MM810: Graph Theory I
Study Board of Science
Teaching language: Danish or English depending on the teacher, but English if international students are enrolled
EKA: N310001102
Assessment: Second examiner: External
Grading: 7-point grading scale
Offered in: Odense
Offered in: Autumn
Level: Master's level course approved as PhD course
STADS ID (UVA): N310001101
ECTS value: 5
Date of Approval: 25-04-2019
Duration: 1 semester
Version: Approved - active
Comment
The course is offered as needed and is not necessarily offered every year.
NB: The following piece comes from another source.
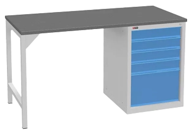 Слесарный верстак ДиКом ВЛ-К-150-06 предназначен для различных слесарных и сборочных работ в мастерских, гаражах, учебных заведениях и на производствах. Модель оснащена инструментальной тумбой с 5 выдвижными ящиками. Столешница изготовлена из фанеры толщиной 24 мм, покрытой оцинкованным железным листом (ЦФ). Особенности:

Examination exams for MM810 are offered according to the following plan, when offered: Autumn (course Start september): ordinary Exam (January), first reexamination (March) and 2nd reexamination (June or August).
Entry requirements
Academic preconditions
Students taking the course are expected to have knowledge of linear algebra, and basic notions and methods from abstract algebra.
Course introduction
The aim of the course is to enable the student to review definitions and results from graph theory, which is important in regard to identify mathematical structures from graph theory in concrete examples.
The course builds on the knowledge acquired in the courses MM538, and gives an academic basis for studying further topics with the intent to write a thesis in discrete mathematics.
In relation to the competence profile of the degree it is the explicit focus of the course to:
- Give the competence to plan and execute scientific projects at a high level, and to manage work and development situations that are complex, unpredictable and that require new solving skills.
- Give skills to study, analyse, model and solve problems on a high level of abstraction using logical and structured argumentation.
- Give knowledge about advanced models and methods in graph theory
Expected learning outcome
The learning objectives of the course are that the student demonstrates the ability to:
- review definitions and results from graph theory
- use the theory to solve concrete problems
- argue for the single steps in the solutions of problems
- carry out complete proofs for results from the course curriculum (counting arguments, induction, indirect proofs, algorithmic proofs)
- explain connections between results and concepts in graph theory
- use mathematical notation from set theory, function theory and logic
- identify mathematical structures from graph theory in concrete examples
Content
The following main topics are contained in the course: Graphs, subgraphs, connected graphs, trees, nonseparable graphs, tree-search algorithms, complexity of algorithms, connectivity, stable sets and cliques, matchings, Hamilton cycles.
Literature
Examination regulations
Exam element a)
Timing
Autumn
Tests
Report and oral examination
EKA
N310001102
Assessment
Second examiner: External
Grading
7-point grading scale
Identification
Full name and SDU username
Language
Normally, the same as teaching language
Examination aids
To be announced during the course
ECTS value
5
Additional information
The report is assessed as part of the oral examination.
Indicative number of lessons
Teaching Method
At the faculty of science, teaching is organized after the three-phase model ie. intro, training and study phase.
In order to enable students to achieve the learning objectives for the course, the teaching is organised in such a way that there are 42 lectures, class lessons, etc. on a semester.
In order to enable students to achieve the learning objectives for the course, the teaching is organised in such a way that there are 42 lectures, class lessons, etc. on a semester.
These teaching activities are reflected in an estimated allocation of the workload of an average student as follows:
- Intro phase (lectures) - 22 hours
- Training phase: 20 hours
Activities during the study phase: To study the course material and prepare for the weekly exercises, individually or through group work.